- **TRY IT**
After locating the line with "Ach wie süß" in the entries below, output it and each following line up to and including the line with "Angélique vous accueille", exactly and without pictures.

- **DATA EXTRACTS**
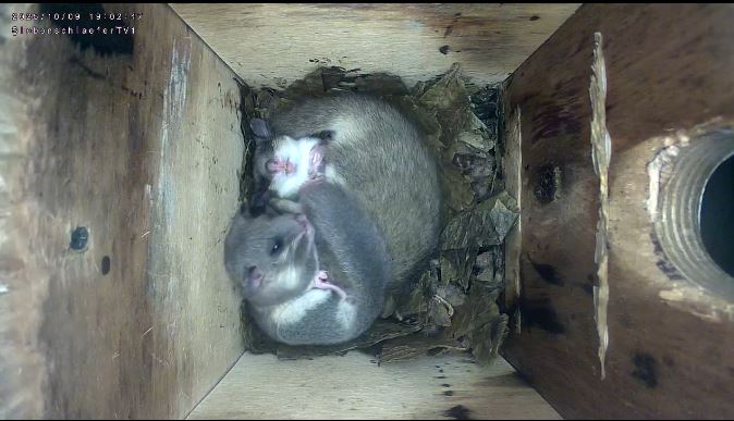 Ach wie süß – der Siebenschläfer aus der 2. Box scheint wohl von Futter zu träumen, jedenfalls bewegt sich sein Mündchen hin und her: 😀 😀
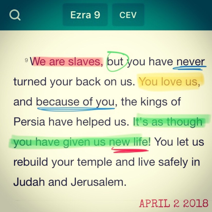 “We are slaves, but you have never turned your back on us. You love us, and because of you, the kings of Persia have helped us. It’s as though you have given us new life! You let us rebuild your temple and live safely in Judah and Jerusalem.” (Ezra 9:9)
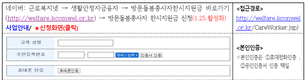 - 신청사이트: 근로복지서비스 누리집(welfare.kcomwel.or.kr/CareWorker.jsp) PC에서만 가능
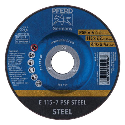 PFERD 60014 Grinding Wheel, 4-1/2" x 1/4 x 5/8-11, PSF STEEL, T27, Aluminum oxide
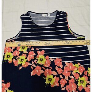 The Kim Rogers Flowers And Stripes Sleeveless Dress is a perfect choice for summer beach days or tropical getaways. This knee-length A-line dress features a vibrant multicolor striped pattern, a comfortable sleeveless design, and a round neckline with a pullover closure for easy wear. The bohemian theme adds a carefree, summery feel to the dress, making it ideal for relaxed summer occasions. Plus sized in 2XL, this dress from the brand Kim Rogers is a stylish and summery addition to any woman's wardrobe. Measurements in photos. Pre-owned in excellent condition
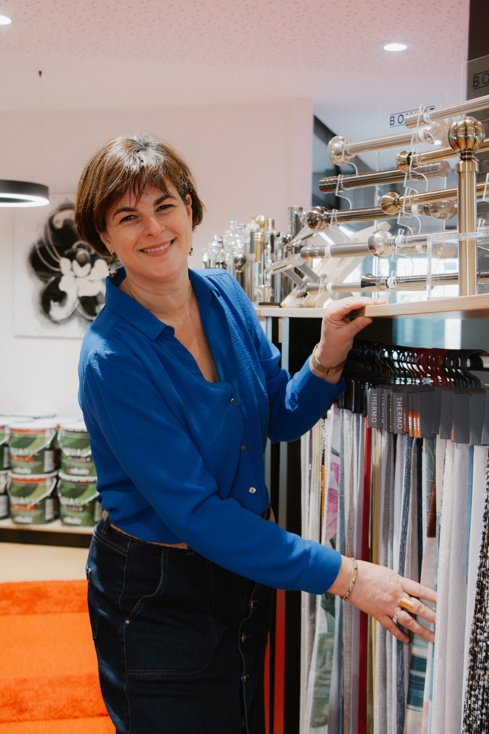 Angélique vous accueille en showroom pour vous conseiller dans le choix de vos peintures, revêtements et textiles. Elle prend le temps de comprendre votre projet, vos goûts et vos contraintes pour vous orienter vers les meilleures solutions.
* * *
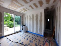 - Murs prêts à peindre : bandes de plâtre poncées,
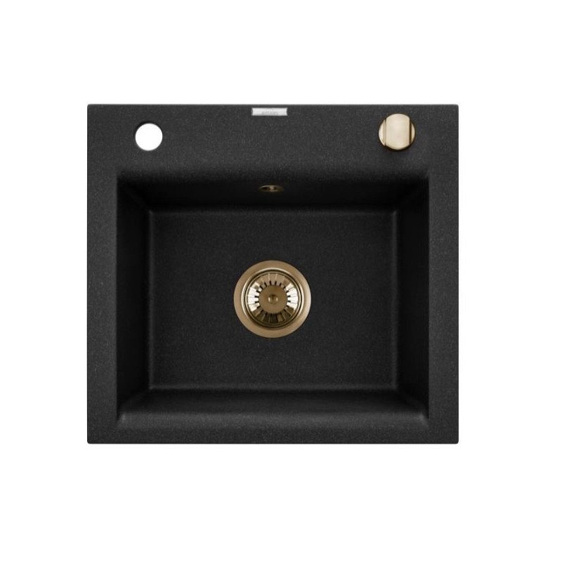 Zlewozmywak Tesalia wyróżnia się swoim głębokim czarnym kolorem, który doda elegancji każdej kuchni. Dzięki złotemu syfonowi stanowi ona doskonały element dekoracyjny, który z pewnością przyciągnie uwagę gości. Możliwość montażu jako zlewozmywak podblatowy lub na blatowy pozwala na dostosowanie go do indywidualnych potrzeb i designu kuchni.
--
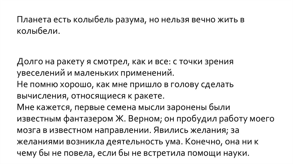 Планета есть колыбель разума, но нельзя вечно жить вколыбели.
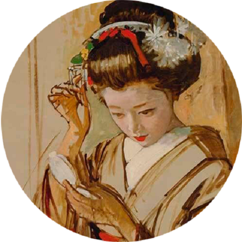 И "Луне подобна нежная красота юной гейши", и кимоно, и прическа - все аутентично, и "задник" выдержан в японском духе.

- **RESULT**
 Ach wie süß – der Siebenschläfer aus der 2. Box scheint wohl von Futter zu träumen, jedenfalls bewegt sich sein Mündchen hin und her: 😀 😀
 “We are slaves, but you have never turned your back on us. You love us, and because of you, the kings of Persia have helped us. It’s as though you have given us new life! You let us rebuild your temple and live safely in Judah and Jerusalem.” (Ezra 9:9)
 - 신청사이트: 근로복지서비스 누리집(welfare.kcomwel.or.kr/CareWorker.jsp) PC에서만 가능
 PFERD 60014 Grinding Wheel, 4-1/2" x 1/4 x 5/8-11, PSF STEEL, T27, Aluminum oxide
 The Kim Rogers Flowers And Stripes Sleeveless Dress is a perfect choice for summer beach days or tropical getaways. This knee-length A-line dress features a vibrant multicolor striped pattern, a comfortable sleeveless design, and a round neckline with a pullover closure for easy wear. The bohemian theme adds a carefree, summery feel to the dress, making it ideal for relaxed summer occasions. Plus sized in 2XL, this dress from the brand Kim Rogers is a stylish and summery addition to any woman's wardrobe. Measurements in photos. Pre-owned in excellent condition
 Angélique vous accueille en showroom pour vous conseiller dans le choix de vos peintures, revêtements et textiles. Elle prend le temps de comprendre votre projet, vos goûts et vos contraintes pour vous orienter vers les meilleures solutions.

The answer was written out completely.